You can also check multiple conditions sequentially using `else if`.
![else_if_condition.jpg](https://raw.githubusercontent.com/RaHub4AI/MI7032/refs/heads/main/Pictures/else_if_condition.jpg)

In [32]:
aqi <- 135

if (aqi <= 50) {
  print("Air quality is good.")
} else if (aqi <= 100) {
  print("Air quality is moderate.")
} else if (aqi <= 150) {
  print("Air quality is unhealthy for sensitive groups.")
} else {
  print("Air quality is unhealthy for everyone.")
}


[1] "Air quality is unhealthy for sensitive groups."

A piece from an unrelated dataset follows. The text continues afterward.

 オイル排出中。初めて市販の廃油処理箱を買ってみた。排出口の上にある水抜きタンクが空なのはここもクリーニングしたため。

> R evaluates the conditions in order and executes only the first one that is `TRUE`.

### Nested `if`Statements

Sometimes, one decision depends on another. In that case, you can nest `if` statements.

In [33]:
rainfall_mm <- 8

if (rainfall_mm > 0) {
  print("It rained today.")

  if (rainfall_mm >= 50) {
    print("Soil moisture is sufficient for crops.")
  } else {
    print("Rainfall was too low, irrigation might be needed.")
  }
} else {
  print("No rainfall today.")
}


[1] "It rained today."
[1] "Rainfall was too low, irrigation might be needed."

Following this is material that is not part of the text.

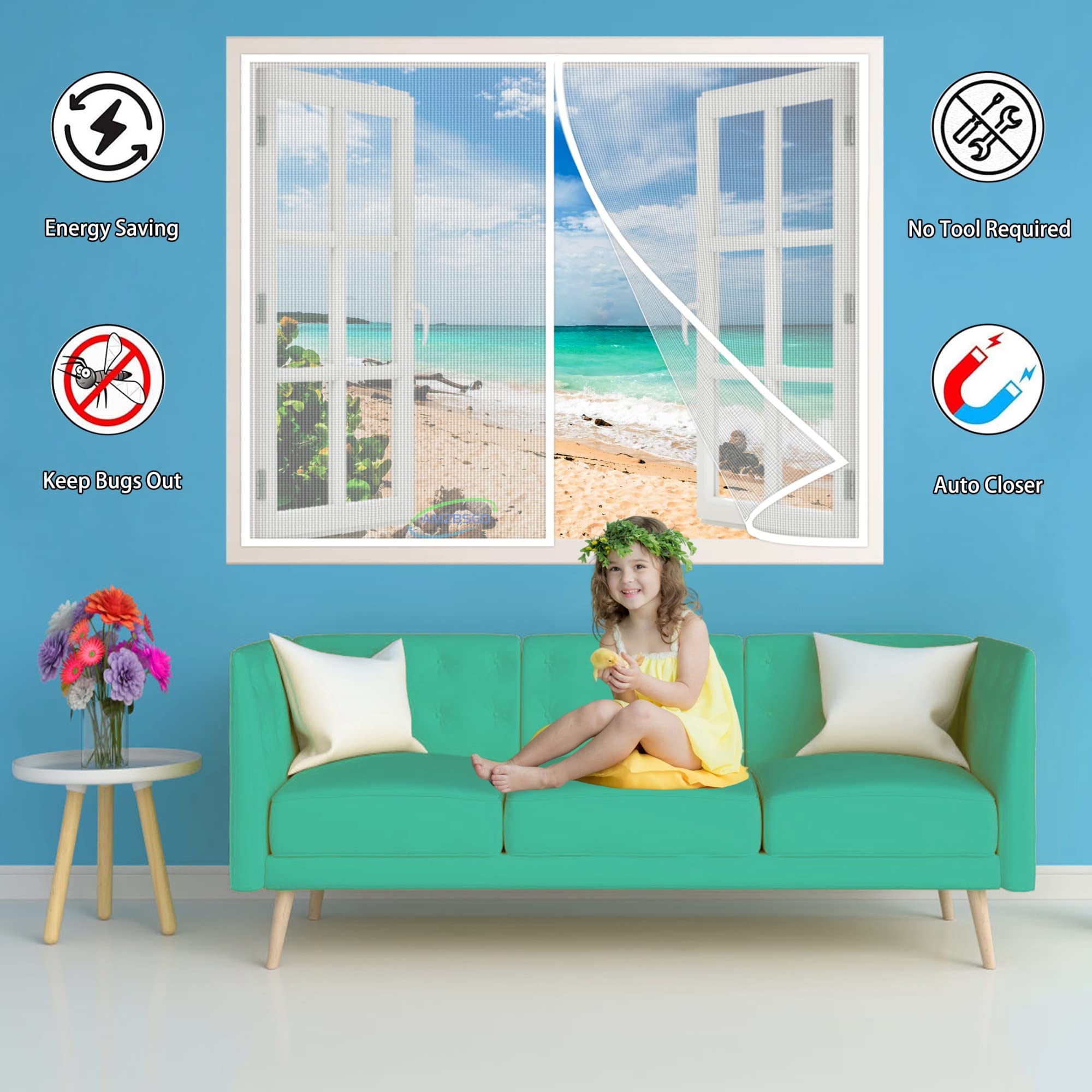 Fliegengitter Fenster Magnet 65x130cm,Moskitonetz Fenster Mit Klettband, Insektenschutz Fenster Ohne Bohren, Ideal Für Balkonfenster Wohnzimmerfenster Und Terrassenfenster,Beige

> Be careful: nesting too many `if` statements can make your code hard to read and maintain.\

In additon, sometimes the function `switch()` can also be very useful. For `switch()`, the first argument is usually a single integer (only one integer!), and the remaining arguments correspond to the actions for each integer value (in increasing order).

In [38]:
# Map season code → name
season_code <- 3L  # 1: Winter, 2: Spring, 3: Summer, 4: Autumn
season_name <- switch(season_code,
  "Winter",   # 1
  "Spring",   # 2
  "Summer",   # 3
  "Autumn"    # 4
)
season_name
# [1] "Summer"


In [39]:
# Map quality-control level → action
qc_level <- 2L
action <- switch(qc_level,
  "use_as_is",         # 1 = high quality
  "use_with_caution",  # 2 = medium quality
  "exclude"            # 3 = low quality
)
action

### <font color='gold'>Task 8</font>

Using the dataset `berry_data.csv`, your goal is to calculate the maximum number of ripe berries per 0.25 m² for each station across all years.

Steps to guide you:
- Load the dataset into an object called `berry_data`.
- Identify the unique stations in the dataset.
- Use a loop to go through each station.
- Inside the loop, use an `if`–`else` statement to check whether the station has ripe berry data.
- If data exists, calculate the maximum number of ripe berries for that station.
- If no data exists, store a value like `NA`.
- Collect the results into a named vector or a data frame, where:
  - column names = station IDs
  - values = maximum ripe berry counts.

> *Hint*: use `unique()` to get the list of stations.


In [None]:
# YOUR CODE HERE!